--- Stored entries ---
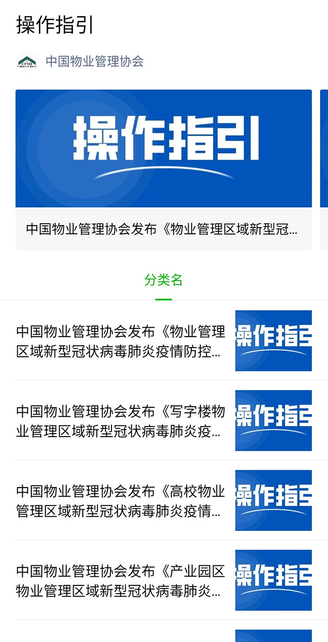 山东省物业管理协会:疫情期间,持续分享发布几大块内容,包括物业服务企业的防控操作指引、该协会会员动态、物业行业动态以及物业资讯。重点发布了明德物业疫情期间的会议内容及明德集团首发企业版《新型冠状病毒疫情防控物业服务工作指引(试行)》;社会各界人士以及业主的爱心助力情况;两高两部联合印发《关于依法惩治妨害新型冠状病毒感染肺炎疫情防控违法犯罪的意见》的通知;国家发展改革委办公厅关于积极应对疫情创新做好招投标工作保障经济平稳运行的通知;关于《电梯按钮消毒防疫服务规范》团体标准征求意见的函等重要内容。
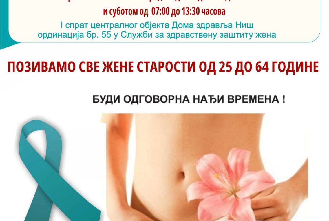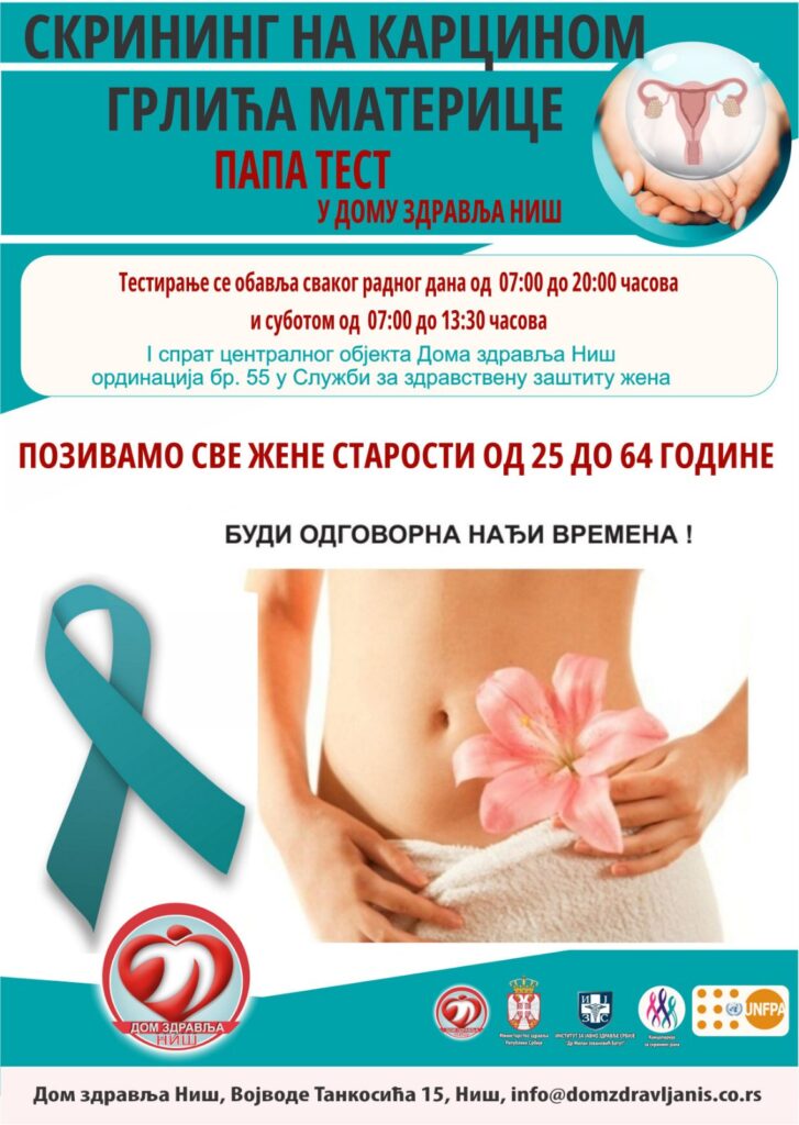 Позивамо и подсећамо све жене старости од 25 до 64 године да и даље могу урадити ПАПА тестирање у Дому здравља Ниш, радним данима у времену од 07:00 до 20:00 часова, а суботом од 07:00 до 13:30 часова у просторији број 55.
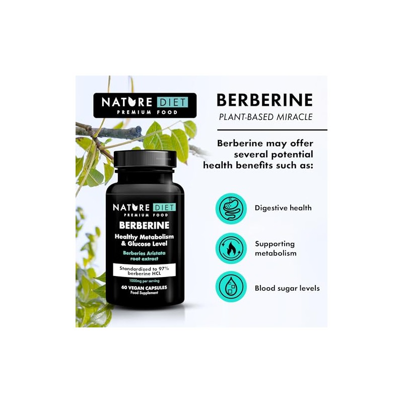 - CLEAN, SAFE INGREDIENTS: Nature Diet Berberine is manufactured with high-quality ingredients, free from allergens and contaminants, ensuring a safe supplement for daily use.
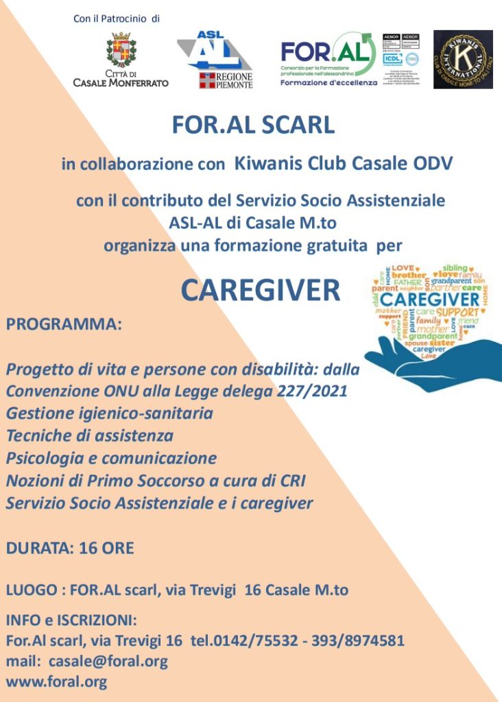 Prenderà il via giovedì 8 maggio 2025, presso la sede For.Al “A. Trevigi”, il corso gratuito di formazione per caregiver, organizzato da For.Al in collaborazione con Kiwanis Club Casale ODV, con il patrocinio del Comune di Casale Monferrato e il sostegno del Servizio Socio Assistenziale ASL AL.
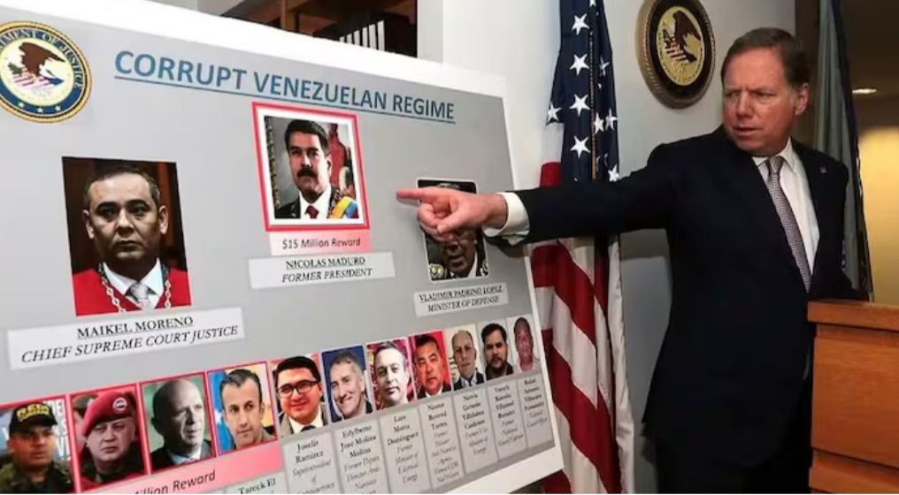 “Nicolás Maduro Moros, el acusado —al igual que el expresidente Chávez antes que él— participa, perpetúa y protege una cultura de corrupción en la que las poderosas élites venezolanas se enriquecen mediante el narcotráfico y la protección de sus socios narcotraficantes. Las ganancias de esta actividad ilegal fluyen hacia funcionarios civiles, militares y de inteligencia corruptos, quienes operan en un sistema clientelar dirigido por los de arriba, conocido como el Cartel de los Soles, en referencia a la insignia del sol que lucen los uniformes de los altos mandos militares venezolanos”.

--- EXERCISE GOAL ---
All records above are to be printed exactly, minus the pictures they contain.

--- REPLY ---
 山东省物业管理协会:疫情期间,持续分享发布几大块内容,包括物业服务企业的防控操作指引、该协会会员动态、物业行业动态以及物业资讯。重点发布了明德物业疫情期间的会议内容及明德集团首发企业版《新型冠状病毒疫情防控物业服务工作指引(试行)》;社会各界人士以及业主的爱心助力情况;两高两部联合印发《关于依法惩治妨害新型冠状病毒感染肺炎疫情防控违法犯罪的意见》的通知;国家发展改革委办公厅关于积极应对疫情创新做好招投标工作保障经济平稳运行的通知;关于《电梯按钮消毒防疫服务规范》团体标准征求意见的函等重要内容。
 Позивамо и подсећамо све жене старости од 25 до 64 године да и даље могу урадити ПАПА тестирање у Дому здравља Ниш, радним данима у времену од 07:00 до 20:00 часова, а суботом од 07:00 до 13:30 часова у просторији број 55.
 - CLEAN, SAFE INGREDIENTS: Nature Diet Berberine is manufactured with high-quality ingredients, free from allergens and contaminants, ensuring a safe supplement for daily use.
 Prenderà il via giovedì 8 maggio 2025, presso la sede For.Al “A. Trevigi”, il corso gratuito di formazione per caregiver, organizzato da For.Al in collaborazione con Kiwanis Club Casale ODV, con il patrocinio del Comune di Casale Monferrato e il sostegno del Servizio Socio Assistenziale ASL AL.
 “Nicolás Maduro Moros, el acusado —al igual que el expresidente Chávez antes que él— participa, perpetúa y protege una cultura de corrupción en la que las poderosas élites venezolanas se enriquecen mediante el narcotráfico y la protección de sus socios narcotraficantes. Las ganancias de esta actividad ilegal fluyen hacia funcionarios civiles, militares y de inteligencia corruptos, quienes operan en un sistema clientelar dirigido por los de arriba, conocido como el Cartel de los Soles, en referencia a la insignia del sol que lucen los uniformes de los altos mandos militares venezolanos”.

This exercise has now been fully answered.